Assigned task –
Locate the line that contains "又是一年骄阳似火,又是一年扬" in the entries below, then repeat it and every following line through the line that contains "客餐廳空間很規(guī)整,通過細(xì", exactly, and no others.

Data extracts –
════

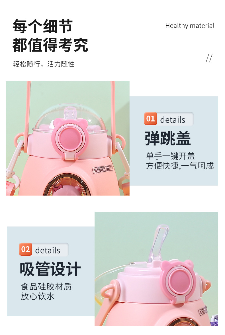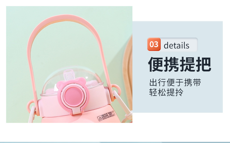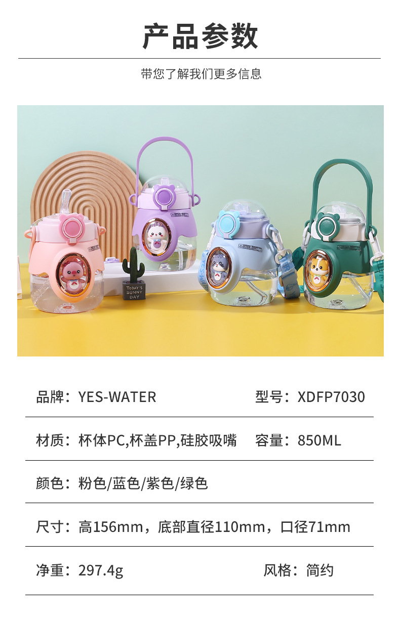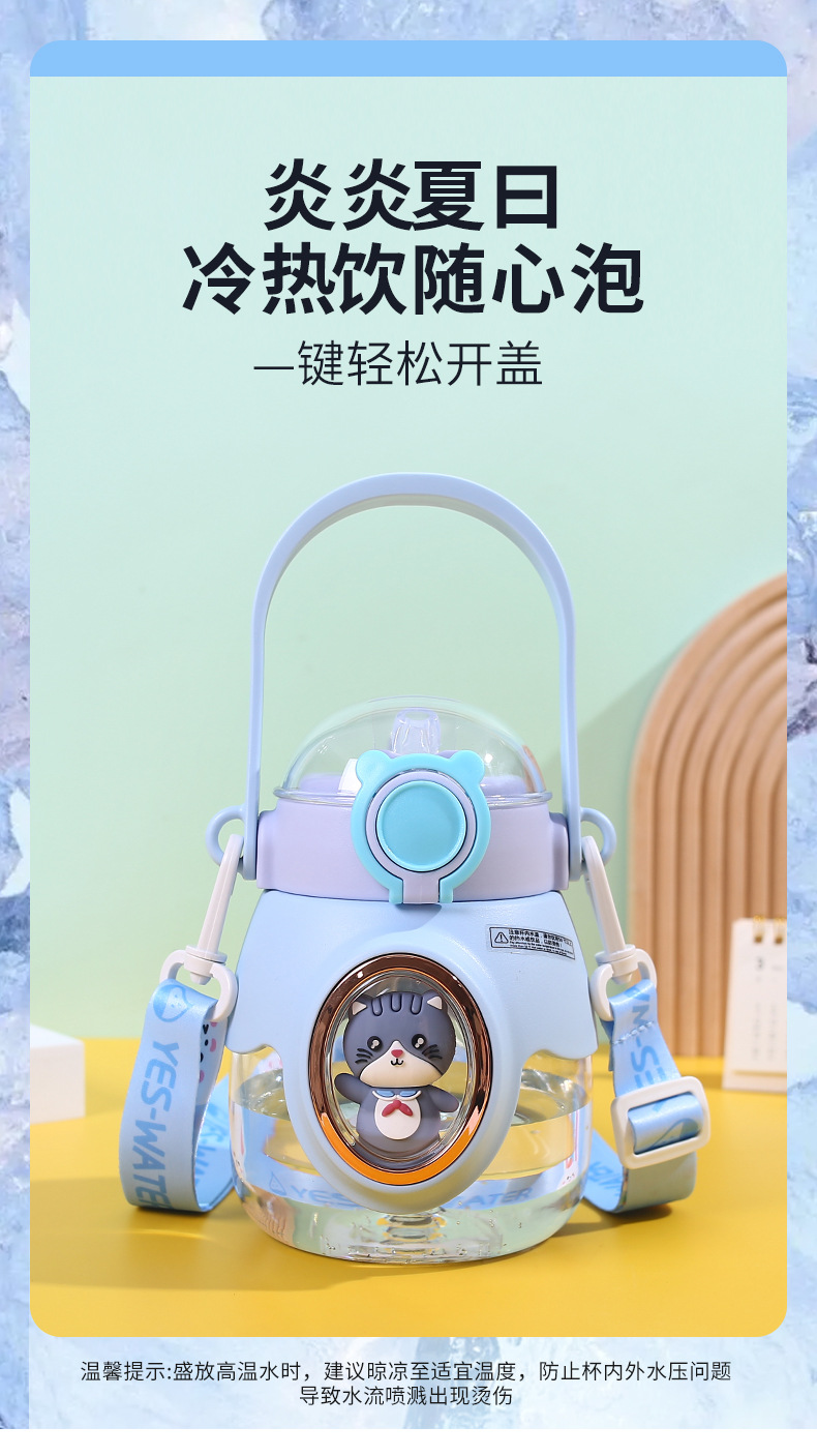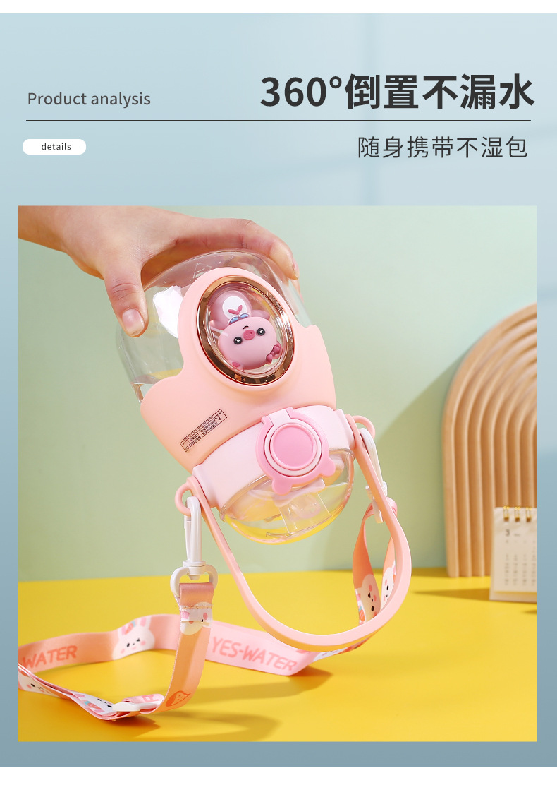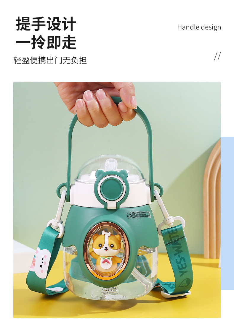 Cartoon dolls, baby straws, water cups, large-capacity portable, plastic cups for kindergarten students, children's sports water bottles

════

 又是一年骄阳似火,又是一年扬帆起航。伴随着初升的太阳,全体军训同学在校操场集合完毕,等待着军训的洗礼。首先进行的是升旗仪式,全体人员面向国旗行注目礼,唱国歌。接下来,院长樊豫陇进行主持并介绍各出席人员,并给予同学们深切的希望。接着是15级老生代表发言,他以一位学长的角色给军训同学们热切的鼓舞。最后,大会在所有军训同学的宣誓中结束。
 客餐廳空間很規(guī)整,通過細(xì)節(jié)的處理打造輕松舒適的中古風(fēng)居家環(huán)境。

════

Answer section –
 又是一年骄阳似火,又是一年扬帆起航。伴随着初升的太阳,全体军训同学在校操场集合完毕,等待着军训的洗礼。首先进行的是升旗仪式,全体人员面向国旗行注目礼,唱国歌。接下来,院长樊豫陇进行主持并介绍各出席人员,并给予同学们深切的希望。接着是15级老生代表发言,他以一位学长的角色给军训同学们热切的鼓舞。最后,大会在所有军训同学的宣誓中结束。
 客餐廳空間很規(guī)整,通過細(xì)節(jié)的處理打造輕松舒適的中古風(fēng)居家環(huán)境。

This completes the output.